Items from a data source
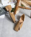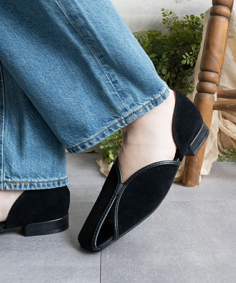 Vカットのラインは足の甲をすっきり&きれいに見せてくれる効果があり、ヒールが高すぎなくても脚長効果が◎
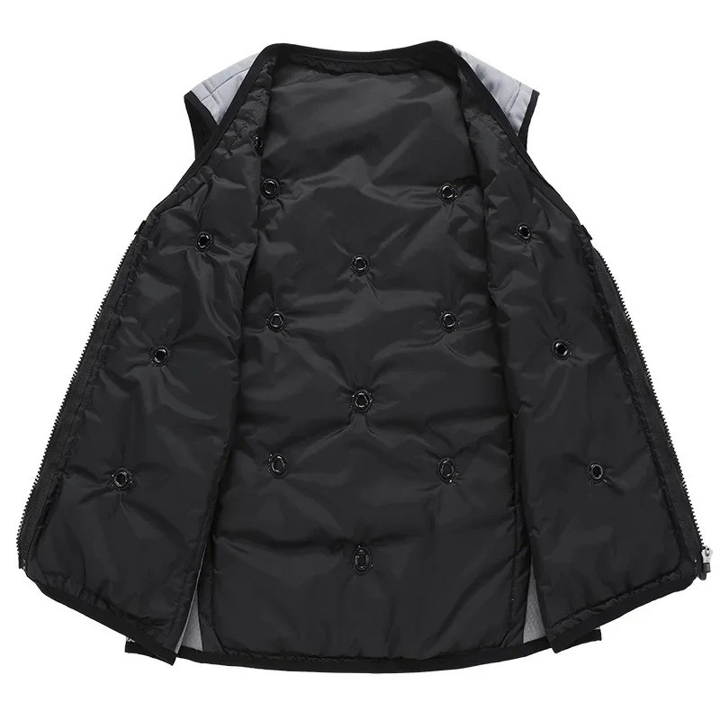 Sulla parte anteriore del gilet sono presenti dei fori rotondi visibili, parte della costruzione del gilet. Questi elementi possono essere correlati al suo design funzionale e completano il suo aspetto tecnico.
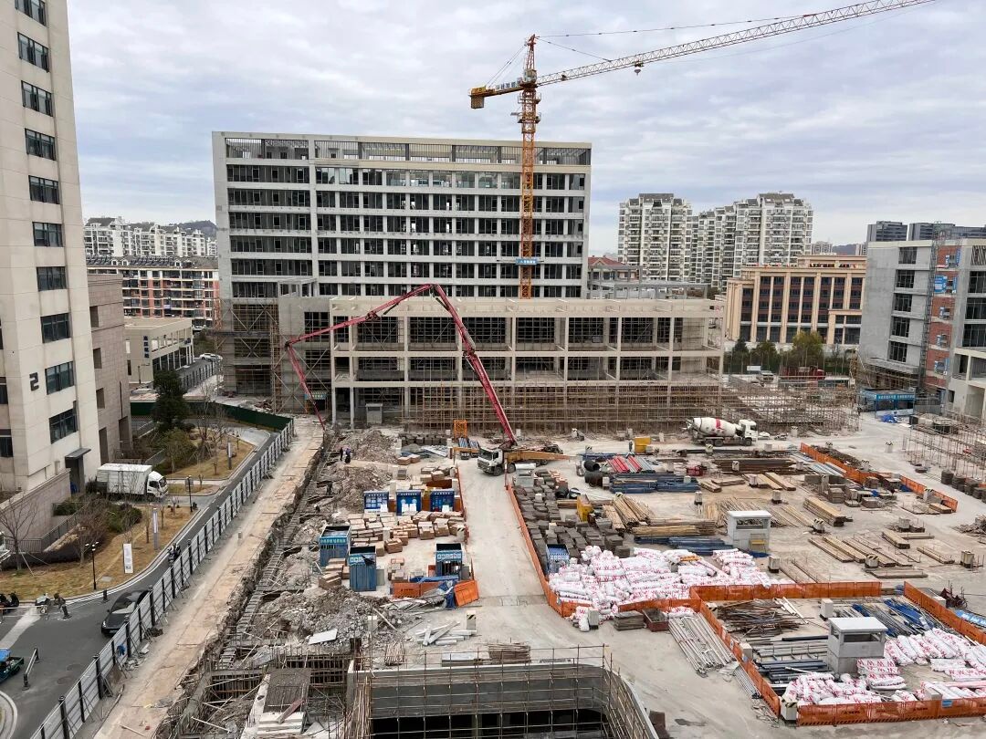 12月23日,台州市立医院迁建工程二期工地一派热火朝天景象,4幢新建建筑主体已全面结顶,工人们分散在各楼层忙碌,外墙立面施工有序推进,机电安装与装饰装修同步开展,智能化、暖通工程的专项作业声交织成奋进的乐章。
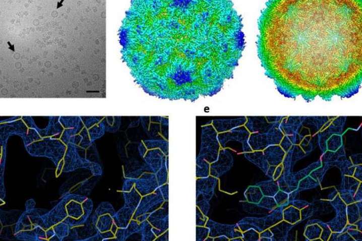 Từ trái qua, từ trên xuống: VLP dạng tinh thể; Sự tái cấu trúc virus gây bệnh bại liệt (PV3); Lát cắt VLP rỗng bên trong (không chứa nucleic); Hình ảnh túi protein VP1 trên virus gây bệnh bại liệt; Hình ảnh PV3. Nguồn: John Innes Centre
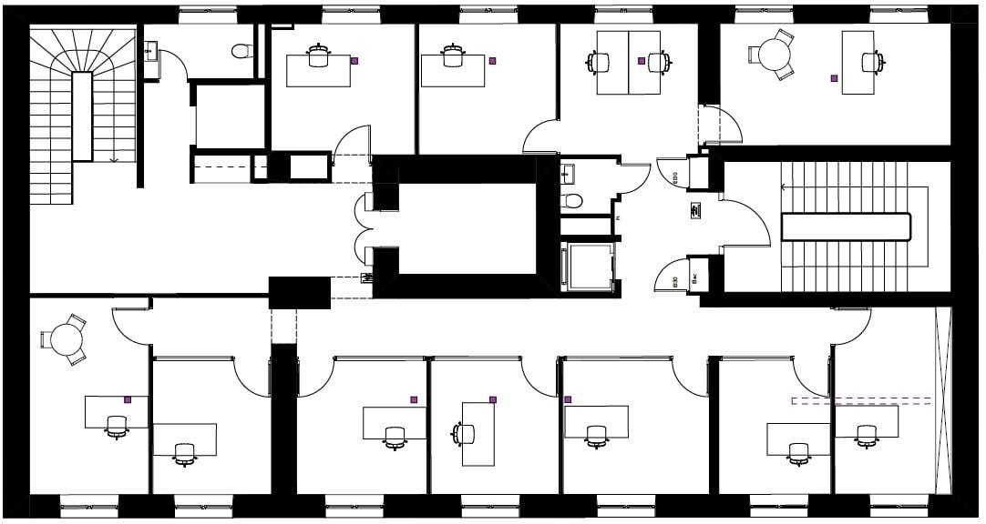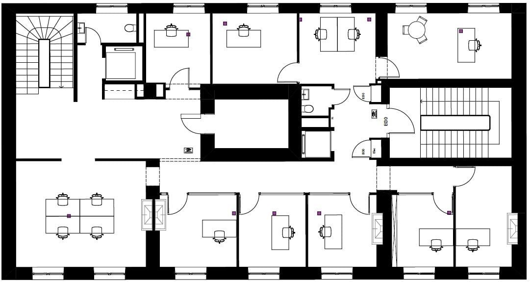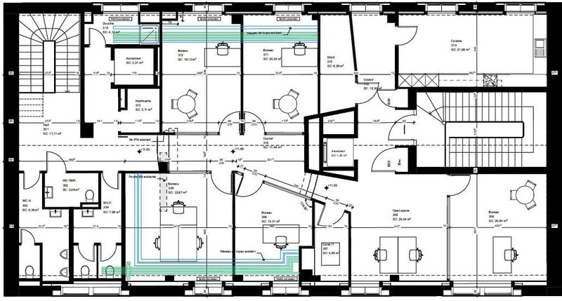 - Cachet d'un immeuble historique - Possibilité de créer des open spaces - Bureaux cloisonnés - Salles de conférence - Auditorium - Câblage périphérique - Salle serveur - Finition : Aménagé - Ascenseur - Ventilation/Rafraichissement : Ventilo-convecteur - Sanitaires

▸ **PROMPT**: In the answer, give only the lines from the one containing "12月23日,台州市立医院迁" through the end of the records above, each reproduced exactly. Include no pictures.

▸ **SOLUTION FOR THIS EXERCISE**:
 12月23日,台州市立医院迁建工程二期工地一派热火朝天景象,4幢新建建筑主体已全面结顶,工人们分散在各楼层忙碌,外墙立面施工有序推进,机电安装与装饰装修同步开展,智能化、暖通工程的专项作业声交织成奋进的乐章。
 Từ trái qua, từ trên xuống: VLP dạng tinh thể; Sự tái cấu trúc virus gây bệnh bại liệt (PV3); Lát cắt VLP rỗng bên trong (không chứa nucleic); Hình ảnh túi protein VP1 trên virus gây bệnh bại liệt; Hình ảnh PV3. Nguồn: John Innes Centre
 - Cachet d'un immeuble historique - Possibilité de créer des open spaces - Bureaux cloisonnés - Salles de conférence - Auditorium - Câblage périphérique - Salle serveur - Finition : Aménagé - Ascenseur - Ventilation/Rafraichissement : Ventilo-convecteur - Sanitaires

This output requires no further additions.